A promo copy that was found at a Waterloo Goodwill for a quarter I think.  We used to lived in Waterloo and most of the time, mom bought a lot of scratchy 45s there.  In 1965 they were sold for five cents and I used to peal the damn price tag off the label only to have it take half the label off.  My introduction to IABD was the Different Strokes sampler that sold for a dollar at Kresge.   I have seen a stock copy of this song.  Would have been neat to have a stock copy, simply of the B side Good Lovin'.

9)  People Got To Be Free-The Rascals  (Atlantic 45-2537)  1968

Woolworth's Lincoln.  This record beat the odds and in it's yucky shape does play fairly well.  Alas, another Woolworth's buy It's Only Love (Tommy James/Shondells) didn't play well either. Some of these records had a yucky film on it, Somebody must have spilled Pepsi on it.

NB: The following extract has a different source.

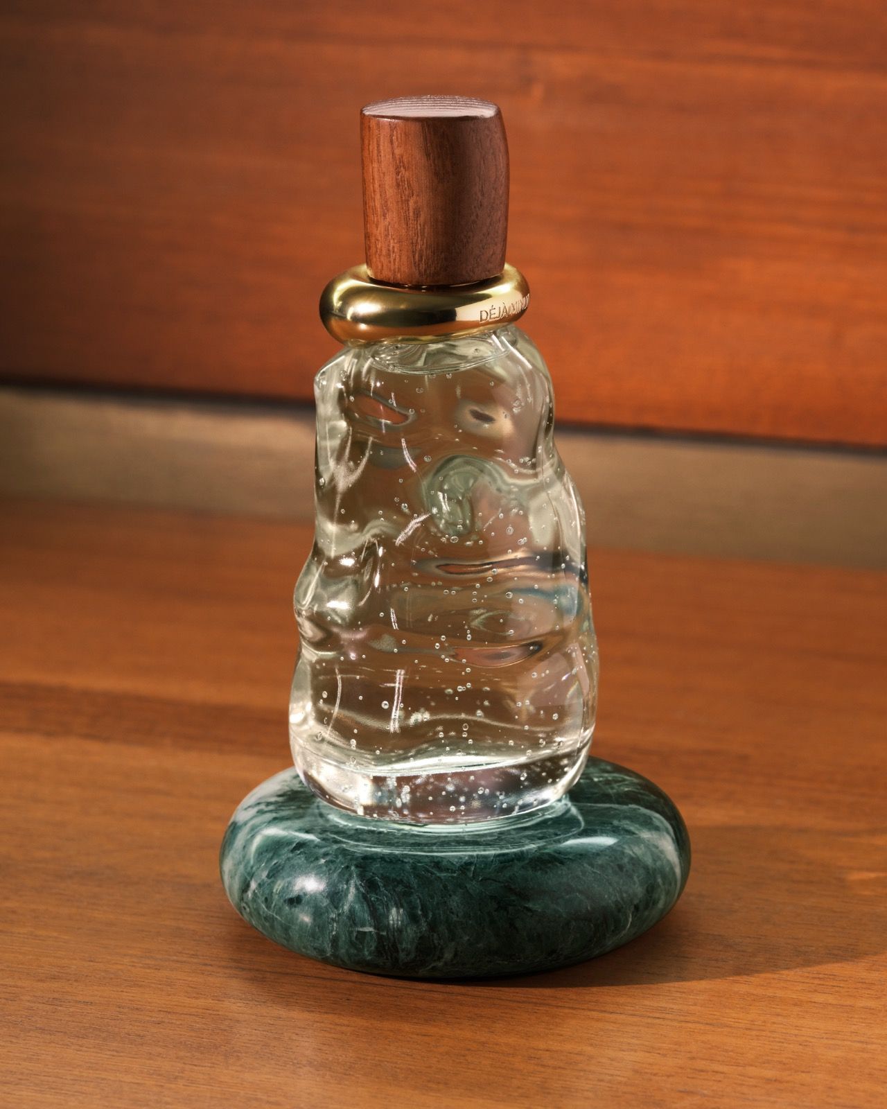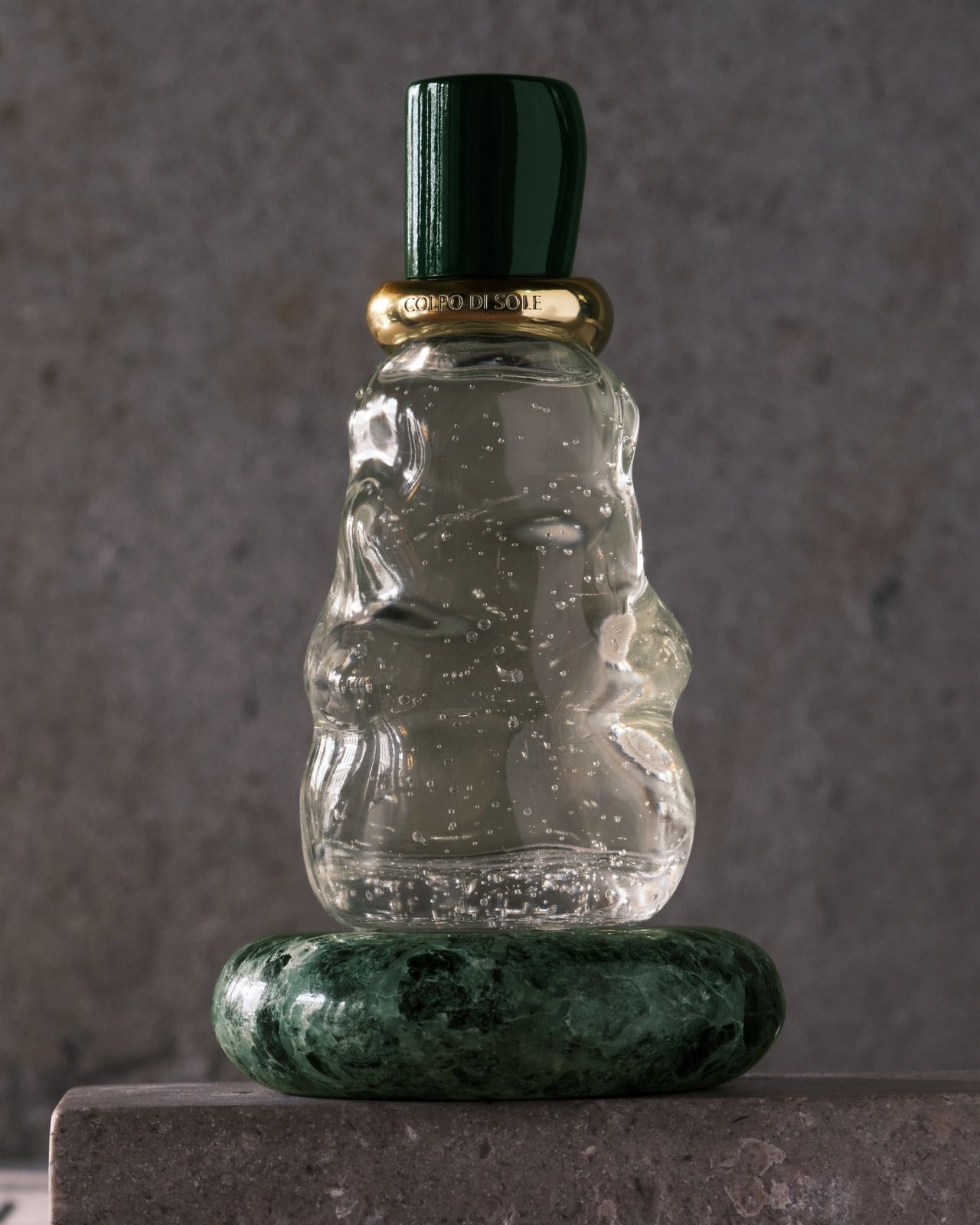 Blazy’s fragrance collection elevates the bottle to an exceptional level of craftsmanship and tactile pleasure. It is an object that not only contains the perfume but also embodies the Veneto region and the artisanal heritage of the Maison. The translucent glass bottle, with its fluid and sinuous shape, evokes the lagoon environment of Venice. Through an innovative process developed specifically for this project, the bottle mimics the look of blown glass and contains air bubbles, unique to each bottle. This distinctive effect pays homage to the centuries-old tradition of Murano glassblowing, which was recently incorporated into the set design of Blazy’s Winter 24 fashion show. The bottle rests on a base of Verde Saint Denis marble, the same marble used in Blazy’s store designs. In addition to literally elevating the bottle beyond its function, the miniature pedestal recalls the walls, floors, and facades of Venetian architecture. In a playful inversion of this architecture, the bottle is designed as an elegant keepsake, reusable, and made entirely from eco-friendly materials, with no plastics involved.

10)   Move Over-Steppenwolf (Dunhill/ABC  D=4305)  1969

Webster City, tho I think I bought this at the drug store and not Woolworth's.  At that time I had plenty of Steppenwolf records, Doors Records etc etc but most didn't survive. One of my all time fave Steppenwolf songs.  Fits perfectly in these days and times.


These records are the ones that did survive the first fifty years of my life (expect Soapstone Mountain).  I had a trio of Ricky Nelson singles but the worse looking one was the one that played the best, It's Late.  Poor Little Fool is from the original Lincoln box but the grooves got mircowaved it seemed and Hello Mary Lou had scratches that wouldn't buff off.  The Jive Samba fry Cannonball Adderley has a crack in it.  Paint It Black From Jalopy Five was borderline but in the end, I decided it was decent enough to put a sleeve on it.  The rejected records were put back in the tins in the closet and probably won't be bothered to play them again.